You can buy 'HO' scale 'fireless cookers', from TRIX/Mærklin, and
depending how their reorganization is going ROCO, in 'HO'
scale. All operate better than most short wheel base tank engines
you have encountered here, and are easily dresssed to look
like locos that ran in NA. TILLIG made a 'TT' scale model, and
expensive fabricated brass models have been produced in
various other scale and gauges by Oriental sources for sale
in the European market. Some of these, (ASTER?) have also
probably been imported to NA.
By the way, I have never seen or heard of a logging operation
that used a fireless cooker. Primarily because they did not
have the facilities to provide the steam, nor did they have the trackwork to support them.
Powerplants and large industrial plants having much process
steam were the principal users. DuPont, Hercules, Olin Mathieson,
and others who had to worry about open flames around
a given facility, - also used fireless cookers .

In NA the largest prototypes were 0-8-0s , but the 0-6-0s
were very burly numbers in many cases. Cuts of a dozen loaded
hoppers were shoved up ramps at many power stations
by these locos. The power stations , by the way, were
always watching for spontaneous combustion in piled coal.
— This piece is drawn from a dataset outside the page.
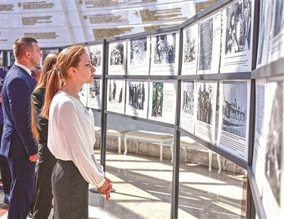 定格共同的勝利,重溫跨越時空的二戰(zhàn)記憶。“銘記歷史 開創(chuàng)未來”——紀念中國人民抗日戰(zhàn)爭暨世界反法西斯戰(zhàn)爭勝利80周年圖片展正在白俄羅斯國立偉大衛(wèi)國戰(zhàn)爭歷史博物館展出。圖為觀眾在參觀展覽。新華社記者 張超群 攝
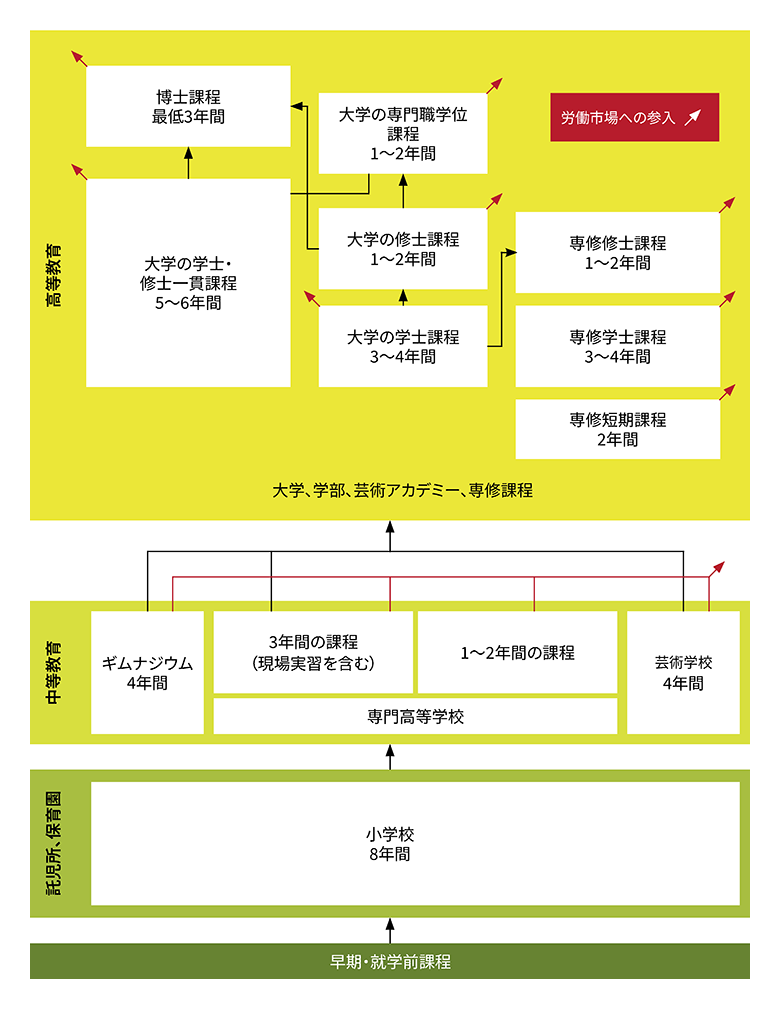 ボローニャ宣言の原則に従って、高等教育は、大学課程と専門職学位課程を通じて高等教育機関で行われている。高等教育機関は、大学、学部、芸術アカデミーと専門職大学に分けられる。

Commonly, this was induced by rainwater acting on the
sulphur to create dilute acid, which would produce sufficient
heat in unventilated lower regions of the stacked coal to
set off the carbon in the contact coal.
If you have visited many older coal burning generating
stations, you will note the"swimming pool", located
adjacent to the wall facing the coal pile. Here the coal
was drawn from this poolwater by conveyer to the
boiler stokers. The many tons of coal adjacent to the
building were thus kept drowned, so no mischief could
take place via spontaneous combustion to the power
house structure and immediate environs. Keeping
embers from a coal fired switcher from raining down
on the thousands of tons of coal at generating stations
by employing a 'fireless cooker', made great sense
from both a remunerative and safety point of view.